§ Task statement
Return every line of the records that includes the string "dāng".

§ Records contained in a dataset

↓

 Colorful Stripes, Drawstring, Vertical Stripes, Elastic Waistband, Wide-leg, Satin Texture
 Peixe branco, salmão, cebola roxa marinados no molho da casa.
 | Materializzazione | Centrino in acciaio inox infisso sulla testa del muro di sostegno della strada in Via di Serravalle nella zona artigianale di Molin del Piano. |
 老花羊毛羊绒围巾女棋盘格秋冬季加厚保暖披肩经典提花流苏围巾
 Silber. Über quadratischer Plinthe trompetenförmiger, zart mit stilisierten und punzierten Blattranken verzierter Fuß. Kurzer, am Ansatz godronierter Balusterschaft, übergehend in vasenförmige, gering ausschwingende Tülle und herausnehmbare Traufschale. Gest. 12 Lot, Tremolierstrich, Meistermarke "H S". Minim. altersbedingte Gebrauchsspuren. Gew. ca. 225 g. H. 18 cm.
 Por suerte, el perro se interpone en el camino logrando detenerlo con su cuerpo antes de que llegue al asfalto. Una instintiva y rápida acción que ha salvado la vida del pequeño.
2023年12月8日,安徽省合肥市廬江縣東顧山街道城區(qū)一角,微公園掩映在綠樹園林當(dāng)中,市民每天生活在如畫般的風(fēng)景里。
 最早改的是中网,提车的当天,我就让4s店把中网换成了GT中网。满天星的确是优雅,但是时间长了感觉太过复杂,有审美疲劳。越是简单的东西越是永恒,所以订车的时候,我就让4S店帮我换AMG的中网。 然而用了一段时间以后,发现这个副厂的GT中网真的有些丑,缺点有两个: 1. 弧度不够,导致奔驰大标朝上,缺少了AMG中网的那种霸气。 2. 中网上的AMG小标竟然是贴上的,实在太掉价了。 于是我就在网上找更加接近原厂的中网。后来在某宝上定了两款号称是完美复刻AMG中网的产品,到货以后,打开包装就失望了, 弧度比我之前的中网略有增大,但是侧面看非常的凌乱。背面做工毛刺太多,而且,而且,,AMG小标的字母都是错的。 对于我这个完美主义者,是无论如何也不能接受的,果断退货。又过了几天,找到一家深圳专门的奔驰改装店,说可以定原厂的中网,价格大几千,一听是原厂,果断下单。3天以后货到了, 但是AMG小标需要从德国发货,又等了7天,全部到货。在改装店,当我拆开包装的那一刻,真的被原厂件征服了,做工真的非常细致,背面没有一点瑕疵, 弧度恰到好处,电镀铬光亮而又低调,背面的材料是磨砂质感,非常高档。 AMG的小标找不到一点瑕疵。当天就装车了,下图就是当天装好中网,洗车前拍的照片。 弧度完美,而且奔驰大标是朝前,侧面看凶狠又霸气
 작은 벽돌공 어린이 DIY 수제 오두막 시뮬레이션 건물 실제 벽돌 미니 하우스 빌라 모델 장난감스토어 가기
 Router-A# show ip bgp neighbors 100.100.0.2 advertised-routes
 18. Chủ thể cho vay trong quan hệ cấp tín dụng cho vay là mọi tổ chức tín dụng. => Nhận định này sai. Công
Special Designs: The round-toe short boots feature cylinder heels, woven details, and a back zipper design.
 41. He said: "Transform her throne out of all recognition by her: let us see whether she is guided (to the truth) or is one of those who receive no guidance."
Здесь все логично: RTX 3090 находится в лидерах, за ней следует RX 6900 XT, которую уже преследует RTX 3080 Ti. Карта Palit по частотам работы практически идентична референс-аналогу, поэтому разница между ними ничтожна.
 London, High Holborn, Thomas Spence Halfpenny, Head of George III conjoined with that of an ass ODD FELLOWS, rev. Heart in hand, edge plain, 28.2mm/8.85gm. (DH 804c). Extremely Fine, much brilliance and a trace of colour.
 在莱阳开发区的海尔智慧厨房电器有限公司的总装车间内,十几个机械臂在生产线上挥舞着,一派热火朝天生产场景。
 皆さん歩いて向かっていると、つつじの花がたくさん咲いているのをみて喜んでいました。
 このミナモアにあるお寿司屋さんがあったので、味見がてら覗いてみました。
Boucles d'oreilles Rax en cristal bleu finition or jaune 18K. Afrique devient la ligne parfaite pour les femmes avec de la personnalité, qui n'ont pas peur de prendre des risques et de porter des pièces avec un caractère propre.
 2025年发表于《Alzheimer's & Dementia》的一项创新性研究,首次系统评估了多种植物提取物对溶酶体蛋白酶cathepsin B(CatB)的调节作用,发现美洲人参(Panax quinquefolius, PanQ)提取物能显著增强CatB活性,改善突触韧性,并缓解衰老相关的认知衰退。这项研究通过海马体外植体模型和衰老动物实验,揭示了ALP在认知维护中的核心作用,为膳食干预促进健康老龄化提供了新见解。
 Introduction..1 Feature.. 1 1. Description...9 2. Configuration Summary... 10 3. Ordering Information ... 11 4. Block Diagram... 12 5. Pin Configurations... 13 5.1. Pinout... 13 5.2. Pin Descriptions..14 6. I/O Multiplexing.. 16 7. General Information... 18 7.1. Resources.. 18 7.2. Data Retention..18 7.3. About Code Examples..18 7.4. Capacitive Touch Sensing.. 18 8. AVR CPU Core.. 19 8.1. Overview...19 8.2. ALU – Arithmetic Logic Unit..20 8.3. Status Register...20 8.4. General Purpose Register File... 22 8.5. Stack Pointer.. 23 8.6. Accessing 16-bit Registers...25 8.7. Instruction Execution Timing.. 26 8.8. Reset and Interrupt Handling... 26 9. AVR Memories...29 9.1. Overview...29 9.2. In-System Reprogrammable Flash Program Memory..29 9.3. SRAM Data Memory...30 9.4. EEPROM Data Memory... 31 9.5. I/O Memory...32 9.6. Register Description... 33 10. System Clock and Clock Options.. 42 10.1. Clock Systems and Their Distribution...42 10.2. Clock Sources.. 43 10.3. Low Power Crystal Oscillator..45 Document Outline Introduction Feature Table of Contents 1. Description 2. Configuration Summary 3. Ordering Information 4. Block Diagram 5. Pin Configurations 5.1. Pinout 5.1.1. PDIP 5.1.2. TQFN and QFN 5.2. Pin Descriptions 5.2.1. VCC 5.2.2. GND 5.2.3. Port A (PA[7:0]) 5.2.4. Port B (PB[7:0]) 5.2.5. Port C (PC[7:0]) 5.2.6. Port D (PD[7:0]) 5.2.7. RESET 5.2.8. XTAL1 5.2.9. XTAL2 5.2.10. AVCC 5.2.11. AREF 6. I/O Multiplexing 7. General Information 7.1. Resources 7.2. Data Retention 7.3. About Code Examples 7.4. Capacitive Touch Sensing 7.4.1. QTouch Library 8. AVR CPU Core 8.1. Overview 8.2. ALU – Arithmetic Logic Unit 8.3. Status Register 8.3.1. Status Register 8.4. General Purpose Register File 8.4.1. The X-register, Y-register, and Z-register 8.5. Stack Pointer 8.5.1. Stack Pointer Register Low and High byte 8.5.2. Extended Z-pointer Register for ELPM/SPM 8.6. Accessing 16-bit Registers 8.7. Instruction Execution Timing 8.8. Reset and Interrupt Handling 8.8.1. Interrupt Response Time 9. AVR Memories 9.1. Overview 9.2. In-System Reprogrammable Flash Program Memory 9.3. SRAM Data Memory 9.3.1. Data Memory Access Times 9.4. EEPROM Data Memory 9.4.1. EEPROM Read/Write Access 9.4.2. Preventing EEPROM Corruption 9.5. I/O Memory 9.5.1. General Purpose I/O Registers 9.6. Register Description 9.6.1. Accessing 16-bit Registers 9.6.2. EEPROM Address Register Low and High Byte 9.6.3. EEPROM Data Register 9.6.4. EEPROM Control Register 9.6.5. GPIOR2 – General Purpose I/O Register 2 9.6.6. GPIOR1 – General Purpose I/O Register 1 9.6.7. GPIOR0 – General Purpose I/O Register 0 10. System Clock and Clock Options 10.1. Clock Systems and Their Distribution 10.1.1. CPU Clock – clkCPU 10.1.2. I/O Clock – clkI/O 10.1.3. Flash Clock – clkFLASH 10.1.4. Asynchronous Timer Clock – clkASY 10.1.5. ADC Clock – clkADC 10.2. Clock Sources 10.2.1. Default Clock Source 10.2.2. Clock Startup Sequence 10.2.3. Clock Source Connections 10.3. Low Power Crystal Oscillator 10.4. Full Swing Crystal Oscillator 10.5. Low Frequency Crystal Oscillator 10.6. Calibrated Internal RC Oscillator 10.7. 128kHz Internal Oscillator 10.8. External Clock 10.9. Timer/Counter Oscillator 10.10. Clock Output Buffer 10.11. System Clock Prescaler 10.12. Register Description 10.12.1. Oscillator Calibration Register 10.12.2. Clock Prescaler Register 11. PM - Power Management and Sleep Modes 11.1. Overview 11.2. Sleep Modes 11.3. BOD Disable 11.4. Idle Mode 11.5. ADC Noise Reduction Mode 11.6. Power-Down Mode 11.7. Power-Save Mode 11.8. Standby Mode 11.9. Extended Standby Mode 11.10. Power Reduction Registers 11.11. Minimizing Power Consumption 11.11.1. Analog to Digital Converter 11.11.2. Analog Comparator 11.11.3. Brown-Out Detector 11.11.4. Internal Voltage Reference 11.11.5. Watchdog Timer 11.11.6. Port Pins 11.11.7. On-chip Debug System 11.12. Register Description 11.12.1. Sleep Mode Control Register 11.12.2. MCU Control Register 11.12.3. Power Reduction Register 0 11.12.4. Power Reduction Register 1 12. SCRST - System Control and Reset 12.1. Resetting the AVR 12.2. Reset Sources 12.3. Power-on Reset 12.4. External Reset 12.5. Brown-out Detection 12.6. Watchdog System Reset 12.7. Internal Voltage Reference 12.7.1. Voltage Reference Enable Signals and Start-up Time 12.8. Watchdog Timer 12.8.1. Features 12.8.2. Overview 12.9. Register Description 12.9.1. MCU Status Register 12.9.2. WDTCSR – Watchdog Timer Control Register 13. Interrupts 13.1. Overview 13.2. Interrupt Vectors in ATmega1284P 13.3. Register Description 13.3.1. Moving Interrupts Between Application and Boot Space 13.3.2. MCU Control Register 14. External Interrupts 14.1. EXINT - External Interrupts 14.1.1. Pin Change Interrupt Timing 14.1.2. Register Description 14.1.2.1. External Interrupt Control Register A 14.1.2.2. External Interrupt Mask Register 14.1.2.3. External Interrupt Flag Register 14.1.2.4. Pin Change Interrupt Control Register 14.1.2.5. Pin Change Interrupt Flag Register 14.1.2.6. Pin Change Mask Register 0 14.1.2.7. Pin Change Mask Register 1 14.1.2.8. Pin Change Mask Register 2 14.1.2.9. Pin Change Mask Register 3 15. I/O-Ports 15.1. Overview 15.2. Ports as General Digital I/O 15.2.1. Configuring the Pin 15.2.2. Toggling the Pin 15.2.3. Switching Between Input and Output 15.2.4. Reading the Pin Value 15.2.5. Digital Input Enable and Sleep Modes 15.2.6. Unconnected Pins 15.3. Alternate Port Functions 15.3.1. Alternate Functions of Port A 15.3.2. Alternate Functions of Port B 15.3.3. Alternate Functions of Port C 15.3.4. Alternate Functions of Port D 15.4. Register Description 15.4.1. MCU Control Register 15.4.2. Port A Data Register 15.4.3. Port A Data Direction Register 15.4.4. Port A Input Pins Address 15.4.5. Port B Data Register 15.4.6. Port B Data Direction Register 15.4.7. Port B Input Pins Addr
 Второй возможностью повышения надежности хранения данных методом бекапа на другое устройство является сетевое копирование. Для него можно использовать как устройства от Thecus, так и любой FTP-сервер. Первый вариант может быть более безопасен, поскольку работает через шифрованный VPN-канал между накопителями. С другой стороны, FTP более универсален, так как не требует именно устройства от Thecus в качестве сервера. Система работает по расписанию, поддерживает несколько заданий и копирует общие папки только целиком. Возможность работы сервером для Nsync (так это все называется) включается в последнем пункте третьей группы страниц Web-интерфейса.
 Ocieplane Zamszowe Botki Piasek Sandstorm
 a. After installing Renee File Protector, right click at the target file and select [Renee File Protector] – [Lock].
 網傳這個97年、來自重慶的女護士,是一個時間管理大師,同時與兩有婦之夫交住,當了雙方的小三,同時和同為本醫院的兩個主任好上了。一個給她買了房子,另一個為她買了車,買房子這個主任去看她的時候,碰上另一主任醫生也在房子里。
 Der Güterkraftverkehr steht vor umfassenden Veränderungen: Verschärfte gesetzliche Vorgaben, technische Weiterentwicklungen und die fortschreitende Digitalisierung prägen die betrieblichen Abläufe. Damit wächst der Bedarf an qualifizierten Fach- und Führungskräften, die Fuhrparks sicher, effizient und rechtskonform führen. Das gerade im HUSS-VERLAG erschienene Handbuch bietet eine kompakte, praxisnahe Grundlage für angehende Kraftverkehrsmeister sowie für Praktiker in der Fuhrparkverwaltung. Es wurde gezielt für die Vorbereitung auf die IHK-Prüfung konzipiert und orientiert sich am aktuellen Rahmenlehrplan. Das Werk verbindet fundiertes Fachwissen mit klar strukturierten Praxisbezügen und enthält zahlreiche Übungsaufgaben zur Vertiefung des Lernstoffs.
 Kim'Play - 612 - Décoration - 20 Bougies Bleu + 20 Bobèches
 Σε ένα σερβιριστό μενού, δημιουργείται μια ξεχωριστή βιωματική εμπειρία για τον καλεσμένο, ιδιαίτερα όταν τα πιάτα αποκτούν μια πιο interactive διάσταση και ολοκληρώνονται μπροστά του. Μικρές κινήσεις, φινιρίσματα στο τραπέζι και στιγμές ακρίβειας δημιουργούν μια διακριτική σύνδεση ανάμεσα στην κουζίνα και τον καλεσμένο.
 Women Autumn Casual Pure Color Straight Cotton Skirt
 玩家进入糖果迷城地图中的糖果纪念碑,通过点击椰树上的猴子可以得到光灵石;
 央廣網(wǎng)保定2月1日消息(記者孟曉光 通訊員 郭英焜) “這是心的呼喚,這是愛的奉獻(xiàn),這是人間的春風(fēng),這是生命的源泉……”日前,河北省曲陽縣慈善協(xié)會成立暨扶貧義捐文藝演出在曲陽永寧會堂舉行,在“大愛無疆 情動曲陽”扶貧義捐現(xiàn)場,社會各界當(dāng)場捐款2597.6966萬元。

↑

§ Written reply
2023年12月8日,安徽省合肥市廬江縣東顧山街道城區(qū)一角,微公園掩映在綠樹園林當(dāng)中,市民每天生活在如畫般的風(fēng)景里。
 央廣網(wǎng)保定2月1日消息(記者孟曉光 通訊員 郭英焜) “這是心的呼喚,這是愛的奉獻(xiàn),這是人間的春風(fēng),這是生命的源泉……”日前,河北省曲陽縣慈善協(xié)會成立暨扶貧義捐文藝演出在曲陽永寧會堂舉行,在“大愛無疆 情動曲陽”扶貧義捐現(xiàn)場,社會各界當(dāng)場捐款2597.6966萬元。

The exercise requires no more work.